記念会

 先週は、妻の父の納骨と一年目の記念会のために東京に行っていました。

 納骨の日は強い雨が降っていましたが、次の日の記念会の日は晴天。

 記念会では、「涙雨じゃないの」といわれる方もいましたけれども、家族は不思議に平安なのですね。

記念会の時に、教会でお世話になった方々、親戚の方々のまえに、短く聖書のお話をさせていただきました。記念会の記念として、ここに、アップしておきます。

 娘、麻美の夫で、山形で牧師をしています、藤井です。

 昨日の朝早く、山形を発ちまして、午後から、多摩霊園にて、母と義兄と、そして、わたしたち家族とで、義父の、お骨をお墓に納めてまいりました。

 晴れていましたら、きっと多摩霊園は美しく落ち着いた雰囲気の霊園だと伺っていましたが、昨日は、だいぶ強い雨が降っていまして、霊園全体が、すこし物悲しい雰囲気に包まれている感じがいたしました。

 本当は、もっとゆったりと、お義父さんの遺骨を、お墓にお納めしたかったのですが、強い雨でしたし、骨壷のふたをするために、雨の中、石屋さんを横で待たせていたこともあって、あまり長々とはせず、短く賛美歌と祈りをして、その場を後にいたしました。

 灰色で物悲しい霊園の雰囲気もあったのでしょうが、なにかすこしさびしさを感じつつ、妻の実家に戻り、義父の遺影を眺めつつ、遺影の前に置いてあった、義父の聖書をパラパラとめくってみたのです。

 聖書には、あちらこちらに、アンダーラインが引いてありましたが、パラパラをページをめくっておりました時、義父がアンダーラインを引いた、一つの聖書の言葉が目に入り、心が慰められる思いがいたしました。

 それが、今日、一番最初に読んで頂いた聖書の言葉です。お手元のプログラムのなかにも、書かせていただきました。

 もう一度、その聖書の言葉を読ませていただきます。

「あなたがたは、朽ちる種からではなく、朽ちない種から、すなわち、神の変わることのない生きた言葉によって新たに生まれたのです。
こう言われているからです。

「人は皆、草のようで、/その華やかさはすべて、草の花のようだ。草は枯れ、/花は散る。
しかし、主の言葉は永遠に変わることがない。」

これこそ、あなたがたに福音として告げ知らされた言葉なのです

 義父は、なくなる約10年前に、イエスキリストを通して、永遠なる神を信じる、クリスチャンとなりました。

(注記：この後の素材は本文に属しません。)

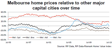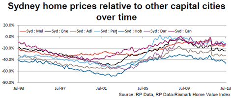基于这些数据分析,众城市与悉尼的房价差距巨大。墨尔本和珀斯相对相似,其次是布里斯班,其次是阿德莱德。
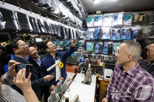 (연천=뉴스1) 이재명 기자 = 이재명 더불어민주당 대통령 후보가 1일 오후 경기도 연천군 전곡시외터미널 인근에 위치한 군장점을 찾아 상품을 살펴보고 있다. 2025.5.1/뉴스1

 義父の納骨のあと、妻とも話したのですが、義父がクリスチャンで本当によかった。義父さんは、あのさびしいお墓ではなく、永遠の神さまと一緒にいるのだよね、と言い合ったのでした。


 人は皆、この世に生まれ、華やかな時を過ごし、時が来ればこの世を去っていきます。確かに、草は枯れ、花はしぼみます。いつまでも変わらないではいられない、むなしさが人生にはつきものです。仏教のいう諸行無常。そのさだめを、あきらめ、受け入れるという生き方ももちろんあるでしょう。

 しかし父がアンダーラインを引いた聖書の言葉は、「草は枯れ、/花は散る」で終わりません。

「しかし、主の言葉は永遠に変わることがない。」と続くのです。この世界は諸行無常ではない。永遠に変わらない神がおられる。

 その永遠の神さまは、2000年前に、イエスキリストを死から復活させて、死が終わりではないことを、あきらめではなく、復活の希望があることを、示して下さいました。義父は、それを信じていきたのです。

 人生の終着駅は墓ではないという希望。義父は、あの墓の先にある神さまとともに生きる永遠の命、神の国に、この時も生きていることを、わたしたちは信じています。


 今は、わたしたちは、先行き不透明な、希望の見えない暗い時代に生きていますけれども、今日、ここにお集いになったお一人お一人の上に、義父が最後まで持ちつづけた希望。どのような状況にあっても、永遠の神は、共にいてくださる希望を胸に、神さまへの感謝をもって、この記念会のひと時を過ごしてまいりたいと願っています。